INFORMATION SHOWN —
************

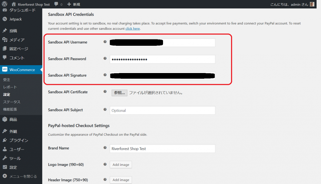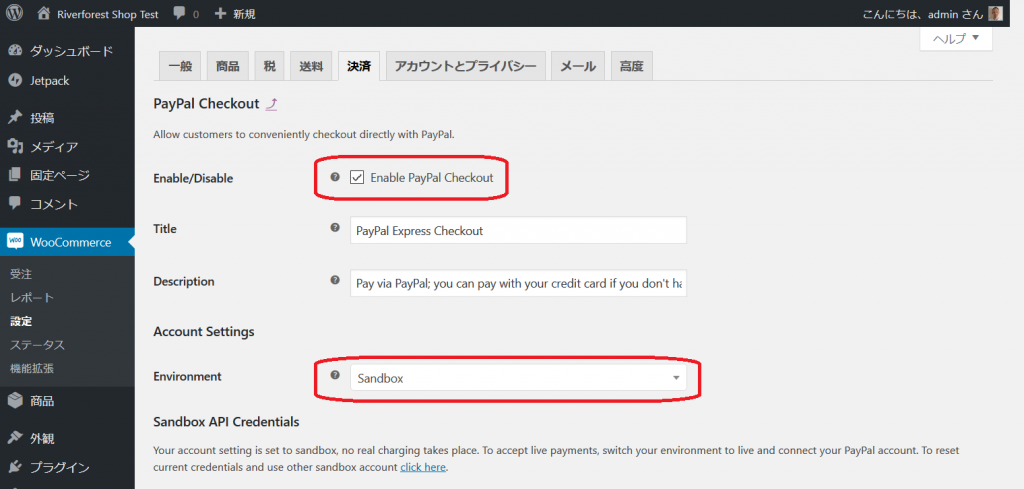 - WooCommerce – 設定 – 決済 – PayPal Checkout で、PayPal Checkout と、Sandbox を有効にし、Sandbox「売り手アカウント」の API キーを入力して保存します。
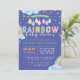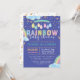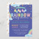 Aquarelle sexy, colorée et capricieuse neutre "sur l'arc-en-ciel" baby shower invitation design dans la palette colorée de rose, bleu, turquoise, citron vert, orange et violet. Le design comprend une belle aquarelle arc-en-ciel et l'illustration des nuages avec des confettis colorés, un motif de pois pluviaux avec de faux accents de feuille d'or pour ajouter un look magique à nouveau un arrière - plan violet profond. Le revers de l'invitation est composé d'un confetti coloré, d'un motif de pois de pluie avec des accents de feuille d'or faux, qui complète magnifiquement l'illustration avant. Toutes les illustrations contenues dans cette invitation magique baby shower couleur arc-en-ciel aquarelle sont dessinées à la main par Moodthology. Vous pouvez customiser la taille du texte, la couleur du texte, la police et la mise en page de votre propre préférence de conception personnelle.
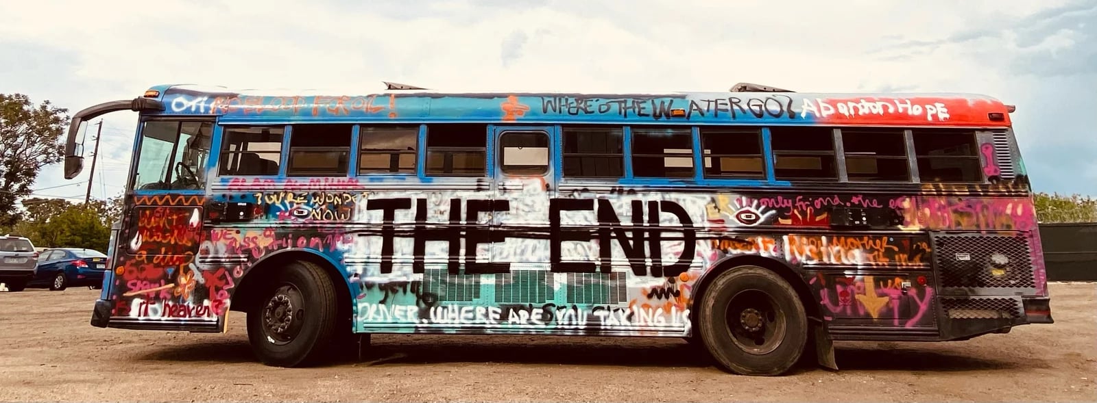 A repurposed school bus from Control Group Productions' climate change-focused immersive theater experience, The End.
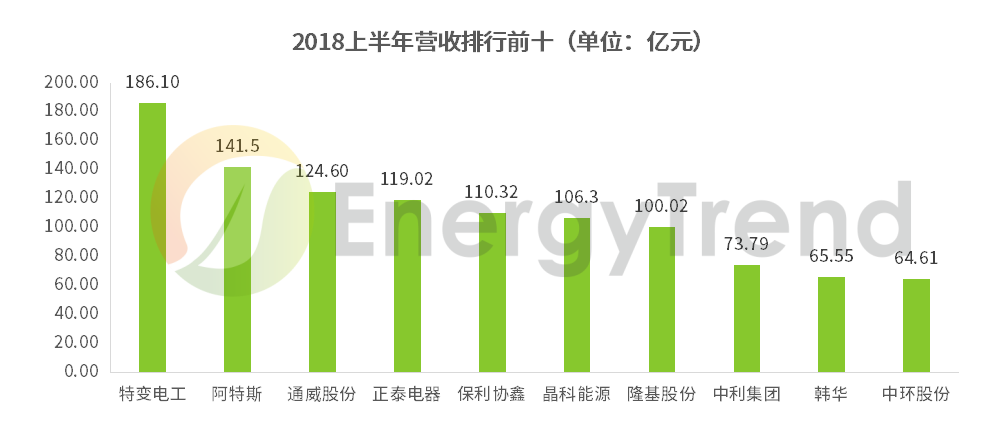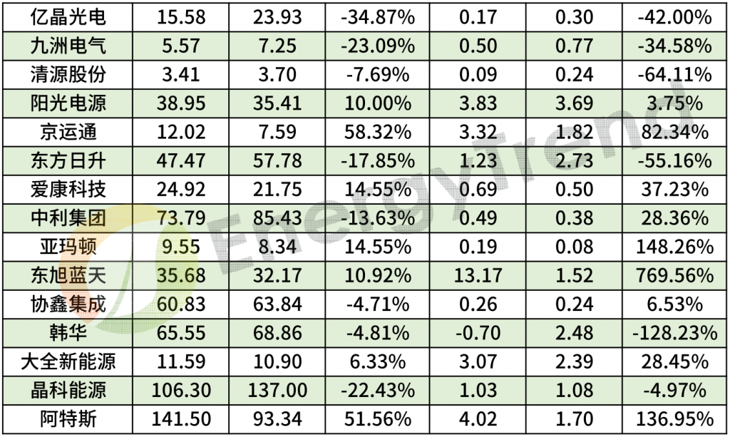 總體來看,有將近七成的企業(yè)營業(yè)額實現(xiàn)增長,特變電工、阿特斯、通威、正泰、保利協(xié)鑫、晶科、隆基營收均破百億,分別達到186.1億元、141.5億元、124.6億元、119.02億元、110.32、106.3億元、100.02億元。除此之外,中環(huán)、隆基、阿特斯等企業(yè)營收增幅超50%。
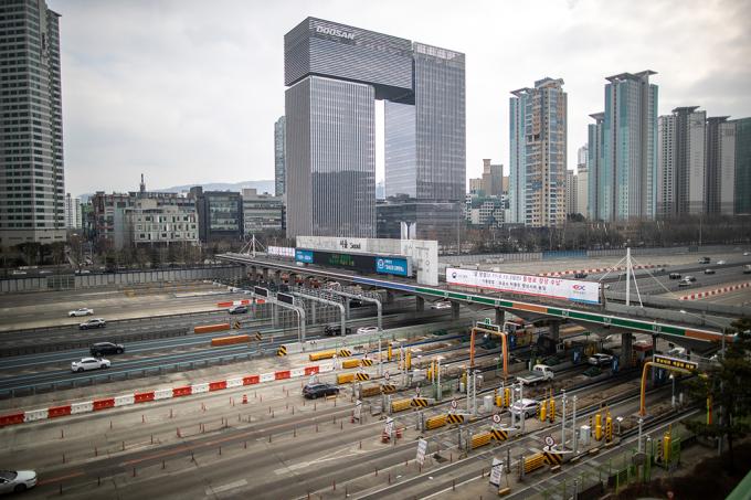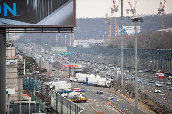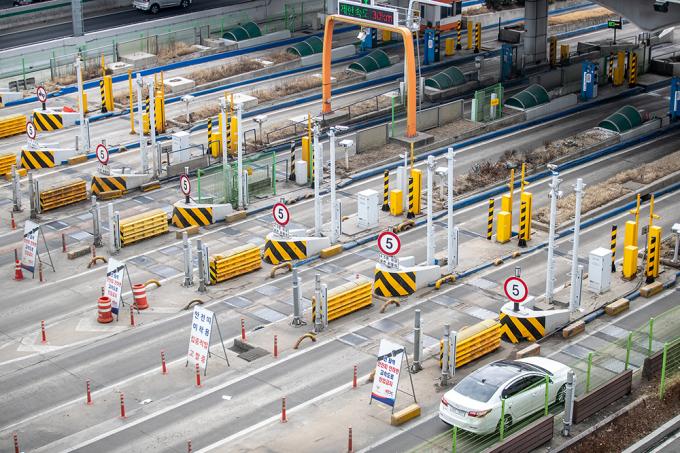 민족 대명절 설 연휴를 하루 앞둔 10일 경기 성남시 서울톨게이트에서 바라 본 경부고속도로 양방향이 원활한 모습을 보이고 있다. 한국도로공사에 따르면 10일 하루 전국 교통량을 463만대로 예상하고 귀성 방향은 오후 6시에서 7시 사이 절정에 달할 것으로 예상했다.
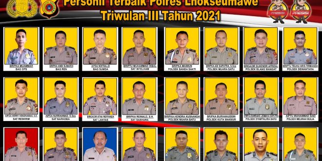LHOKSEUMAWE – Polres Lhokseumawe kembali memajang foto personel terbaik untuk Triwulan III tahun 2021 di ruang lobi gedung Mapolres Lhokseumawe.

************

EXERCISE BRIEF —
Only the text of the entries belongs in the answer, copied exactly; the pictures stay out.

TASK ANSWER —
 - WooCommerce – 設定 – 決済 – PayPal Checkout で、PayPal Checkout と、Sandbox を有効にし、Sandbox「売り手アカウント」の API キーを入力して保存します。
 Aquarelle sexy, colorée et capricieuse neutre "sur l'arc-en-ciel" baby shower invitation design dans la palette colorée de rose, bleu, turquoise, citron vert, orange et violet. Le design comprend une belle aquarelle arc-en-ciel et l'illustration des nuages avec des confettis colorés, un motif de pois pluviaux avec de faux accents de feuille d'or pour ajouter un look magique à nouveau un arrière - plan violet profond. Le revers de l'invitation est composé d'un confetti coloré, d'un motif de pois de pluie avec des accents de feuille d'or faux, qui complète magnifiquement l'illustration avant. Toutes les illustrations contenues dans cette invitation magique baby shower couleur arc-en-ciel aquarelle sont dessinées à la main par Moodthology. Vous pouvez customiser la taille du texte, la couleur du texte, la police et la mise en page de votre propre préférence de conception personnelle.
 A repurposed school bus from Control Group Productions' climate change-focused immersive theater experience, The End.
 總體來看,有將近七成的企業(yè)營業(yè)額實現(xiàn)增長,特變電工、阿特斯、通威、正泰、保利協(xié)鑫、晶科、隆基營收均破百億,分別達到186.1億元、141.5億元、124.6億元、119.02億元、110.32、106.3億元、100.02億元。除此之外,中環(huán)、隆基、阿特斯等企業(yè)營收增幅超50%。
 민족 대명절 설 연휴를 하루 앞둔 10일 경기 성남시 서울톨게이트에서 바라 본 경부고속도로 양방향이 원활한 모습을 보이고 있다. 한국도로공사에 따르면 10일 하루 전국 교통량을 463만대로 예상하고 귀성 방향은 오후 6시에서 7시 사이 절정에 달할 것으로 예상했다.
LHOKSEUMAWE – Polres Lhokseumawe kembali memajang foto personel terbaik untuk Triwulan III tahun 2021 di ruang lobi gedung Mapolres Lhokseumawe.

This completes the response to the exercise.